3 min read

Crowdbotics deals with the problem of legacy code. A giant morass of information systems running on mainframes and in the cloud are on code systems that are out of date. Crowdbotics Founder and CEO, Anand Kulkarni, says, “We don’t teach people these frameworks anymore. There are not enough engineers around who understand how these systems work, and there’s this societal imperative to move off them. Languages like COBOL or FORTRAN, systems that were built maybe 50 years ago that are still running in production that we need to migrate off.”  

Kulkarni, who has a long history in Silicon Valley, tells us how Crowdbotics was created to use AI in the form of large language models to help teams, companies and society move off mainframe code and into more modern frameworks.   

Bridges and Barriers

When you book an airline ticket or make a credit card purchase, the transaction most likely flows through a COBOL-based scheduling or payment system. The same goes for medical claims, insurance policies, and even tax payouts. They are all dependent on legacy mainframe code. In fact, a staggering 68 percent of production workloads are still running on mainframes, and COBOL alone accounts for 800 billion lines of code in production. 

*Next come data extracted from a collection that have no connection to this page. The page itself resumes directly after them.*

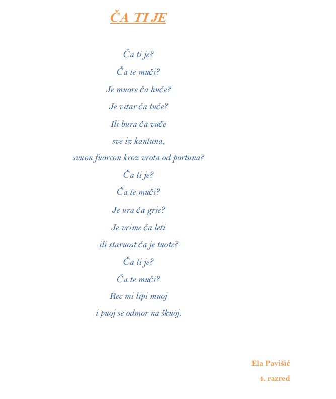 Čestitamo Eli i želimo joj još puno uspjeha u pisanju pjesama na čakavici.
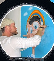 Discover the fragmented cubism and contemporary cartoon inspired art by Mr. Pinkbrush
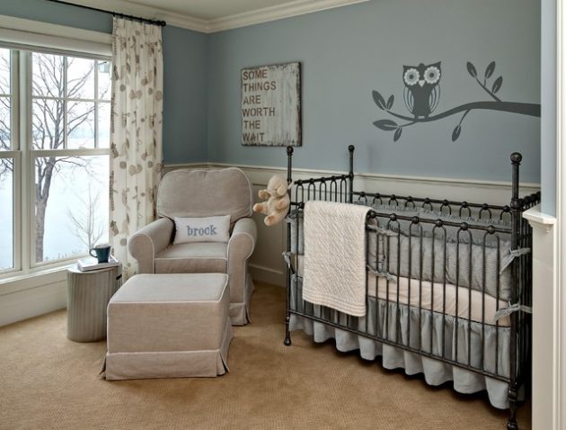 Do not forget that the room for first should be fun and colorful – stuffed animals are an indispensable part of every kid’s room, as well as paintings, inscriptions on the walls and, of course, a quality lighting! When choosing a bed, think about the functionality, safety and comfort. For the baby is not an important the design of the bed – it’ll be comfortable in the crib that came from a relative or friend. Only the mattress must be new and made of quality material, to allow good support of the body. These are the main items that you should pay special attention, and the rest depend on your wishes. In our following collection, you can see various examples of traditional nursery designs, that abound with elegance and pleasant feel. Check out below and enjoy!
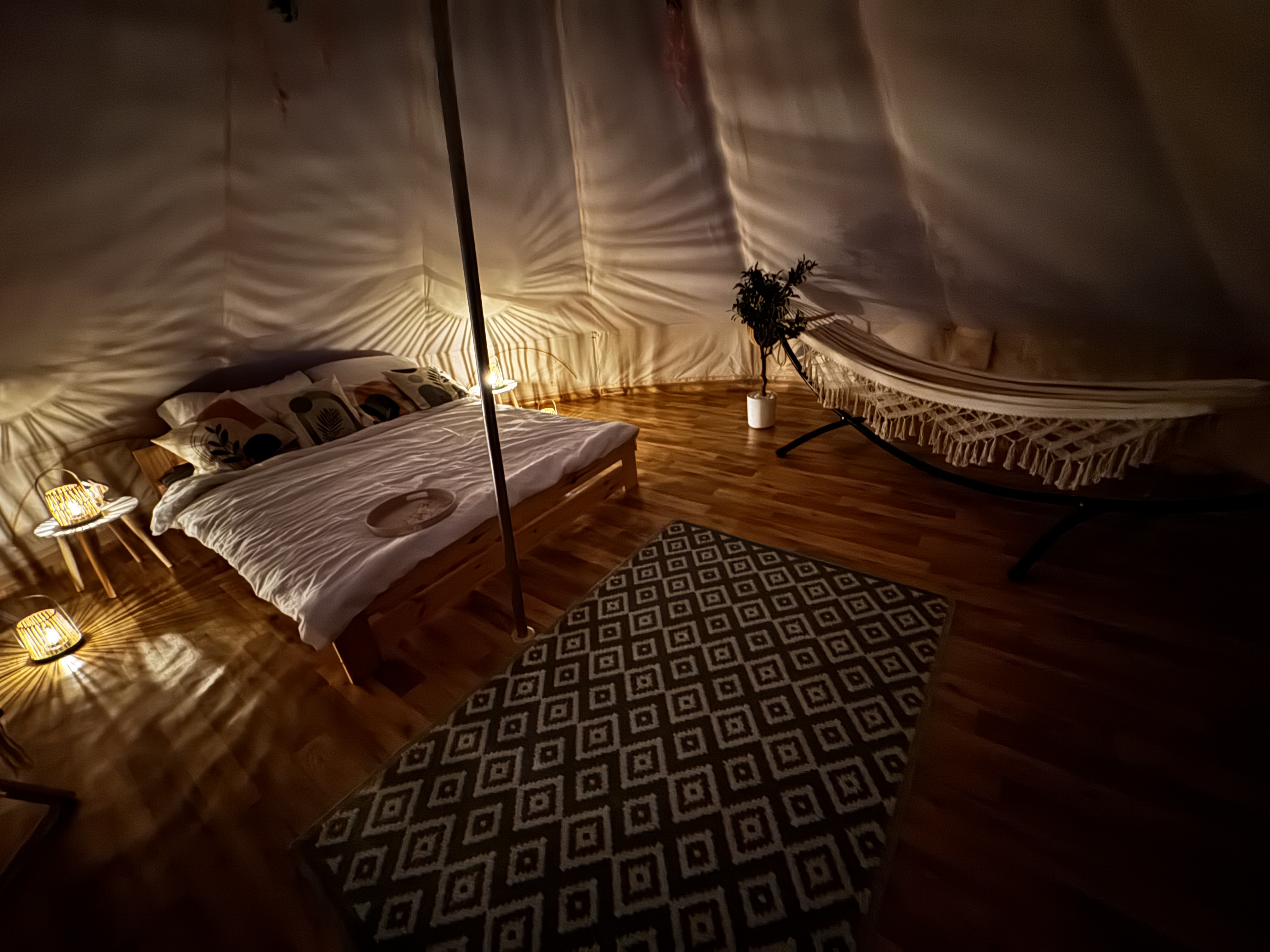 Nie czekaj dłużej! Stwórz niezapomniane wspomnienia z bliskimi, spędzając czas w naszym przytulnym namiocie. To idealne miejsce na relaks, rozmowy przy ognisku i podziwianie gwiazd.
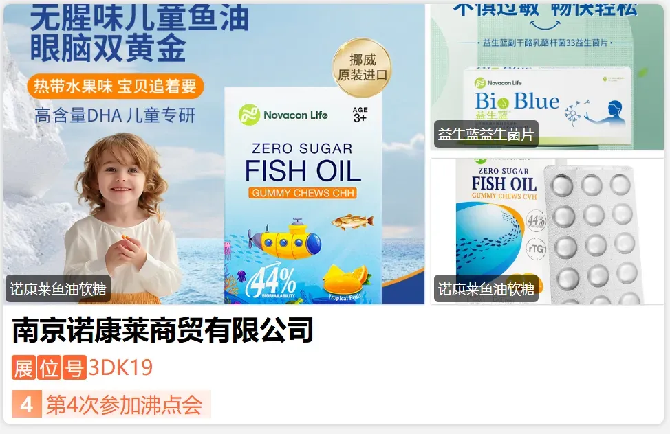 诺康莱,作为健康领域的创新先锋,凭借对市场的敏锐洞察力与强大的产品研发能力,致力于解决女性抗衰、儿童成长、老人慢病等方面的健康问题。以消费者需求为驱动,率先推出了具备领先技术的Omega - 3系列产品。该系列产品不仅服用便捷且形式新颖,在体验上表现良好,更重要的是拥有确证的健康功效,为消费者的健康生活提供有力支持。-展位号:3DK01-
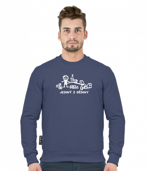 Pánská mikina CREWNECK MEN CLASSIC pro muže s potiskem 1393 JEDINÝ Z DĚDINY v barvě JEANS
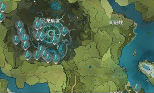 其中,庆云顶是水晶块分布最多的位置,风龙废墟是第二密集区域,再就是南部大片区域,其中95%采集水晶矿分布位置都在这三个区域。
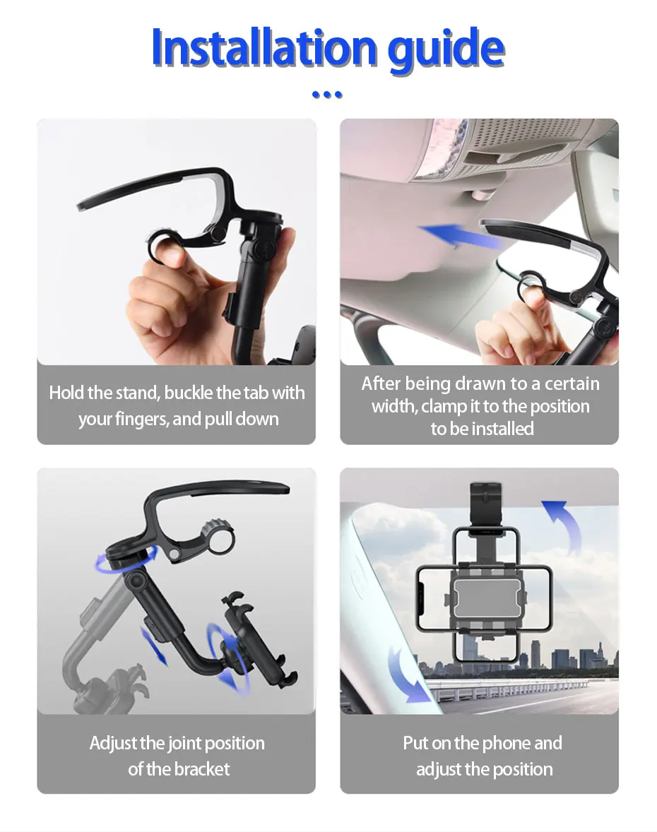 3. Держатель мобильного телефона с вращением на 360 °: Автомобильный держатель для телефона поддерживает вращение на 360 градусов, переключение между горизонтальными и вертикальными экранами по вашему желанию. Три вращающиеся шарниры, без мертвых углов. Дает вам легкое и безопасное вождение.
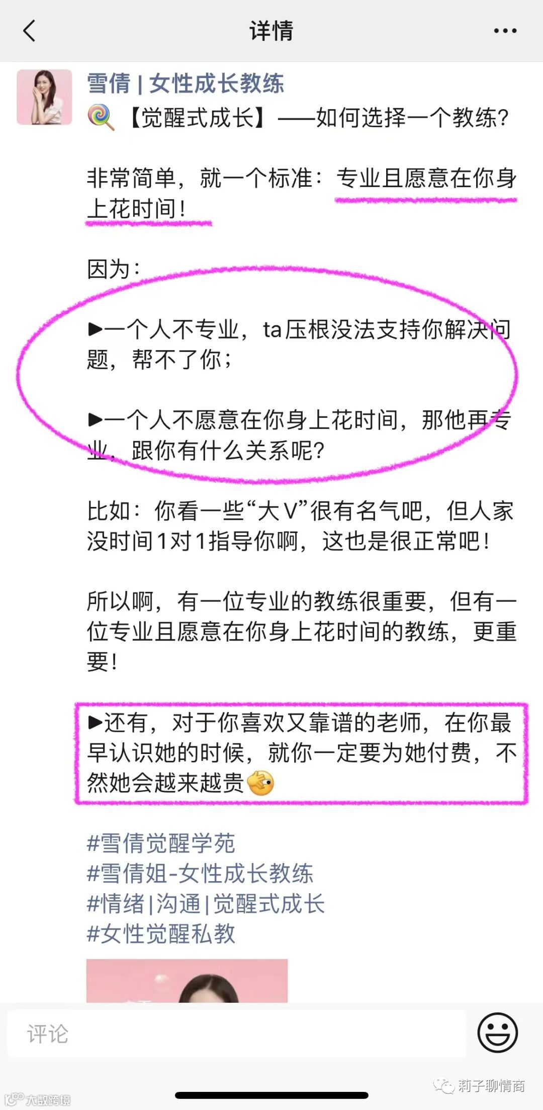 在最后,给你分享:【选择教练的唯一标准?】
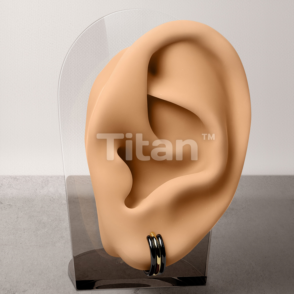 Implant Grade Titanium Hinged Segment Hoop Ring With Triple Stacked Dual Tone Hoops
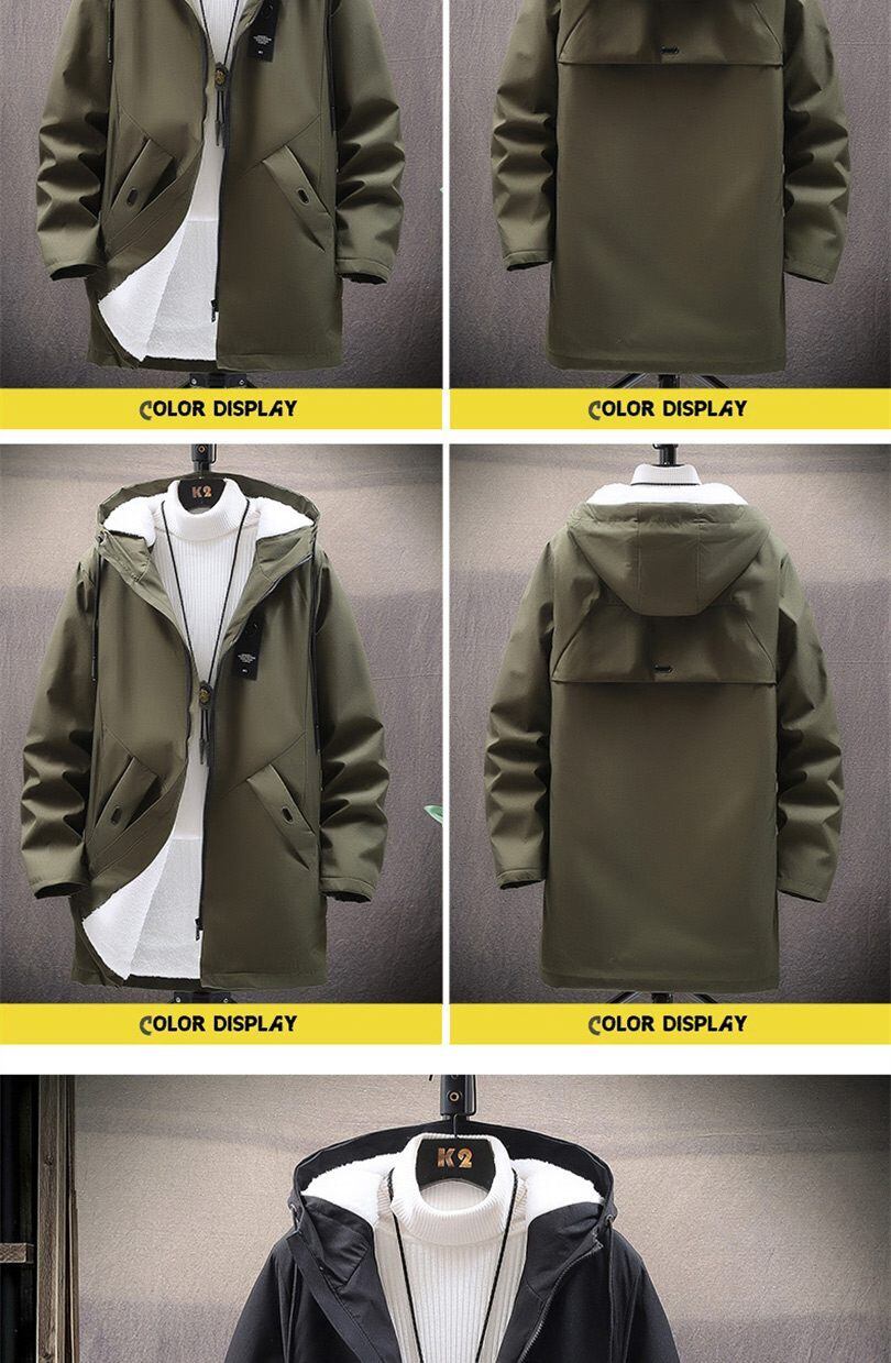 Autumn and winter new men's jackets, men's padded jackets, velvet padded jackets, hooded workwear, loose and thickened, mid-length, cold and warm tops オータム 秋物 ウィンター 冬物 doushi91958240005

Kulkarni says, “We have to keep these systems working, healthy, and up-to-date. But we don’t have enough people alive who understand these frameworks to do that.” 

This is where AI comes in. 

Often, legacy code still exists because application modernization projects have run over budget, faced leadership changes, or simply didn’t get completed as planned. Traditionally, these projects would involve large teams of business analysts, engineers, developers and subject matter experts combing through each line of code, system by system. They’d document every business rule, function, view, screen and component – an effort that could take anywhere from six months to four years. 

But with AI, the process of understanding and modernizing legacy code can now be done in a matter of hours or days, depending on the level of human oversight required. Crowdbotics uses AI models trained on specialized data. “We walk over the code base, line by line, ingesting it and building a digital twin of the code,” says Kulkarni. This means creating a graphical representation of the code base and using AI to systematically understand each piece of code.  

Once the AI understands the requirements, the really interesting work can start: rethinking and re-architecting the system to fit into new modern frameworks or even the cloud. And, instead of taking six months to two years to extract information, AI can complete this in anywhere from hours to a couple of weeks, again depending on how much human oversight is needed. And the best part? This approach opens the door to enhancing and modernizing the legacy systems with new features and functionality, something that’s always a value-add for organizations justifying migration projects. 

AI in Society

“Crowdbotics was founded to address that big problem – legacy code touching 68 percent of workloads in production. For every credit card transaction, flight booking, insurance policy or tax payout, we depend on legacy systems that are out of date, difficult and in some cases impossible to maintain. AI can help with application modernization by taking projects that took months and even years to execute to complete requirements testing and documentation in just a few hours. That process was historically very human resource intensive and prone to project failure or burnout. What’s even more exciting is this technology can unlock not just time to value shifting applications off a legacy code base, but allow development teams to identify new features. In short, application modernization can now be a way to drive new revenue with features for customers.”

Anand Kulkarni, Founder and CEO, Crowdbotics 

System integrators play a crucial role in Crowdbotics’ strategy because they understand how to leverage AI to speed up modernization projects and deliver long-term value. “It’s important your partners are not using AI-washing and then just sending a bunch of consultants to do business as usual,” Kulkarni notes. 

What sets GenAI apart is its transformative impact. Unlike previous technological shifts, GenAI doesn’t just provide another interface to computing; it fundamentally changes the game. Looking ahead, Kulkarni asks, “How are we going to think about the workplace of the future or society when generative AI is embedded into everything we do?” 

Kulkani, who has a long history in Silicon Valley, adds that he sees the culture of the area as a big reason why innovative AI startups like his are on the rise. He credits the Valley’s risk-taking culture, mentorship and support for new ideas, and interplay between companies willing to test and explore each other’s technologies.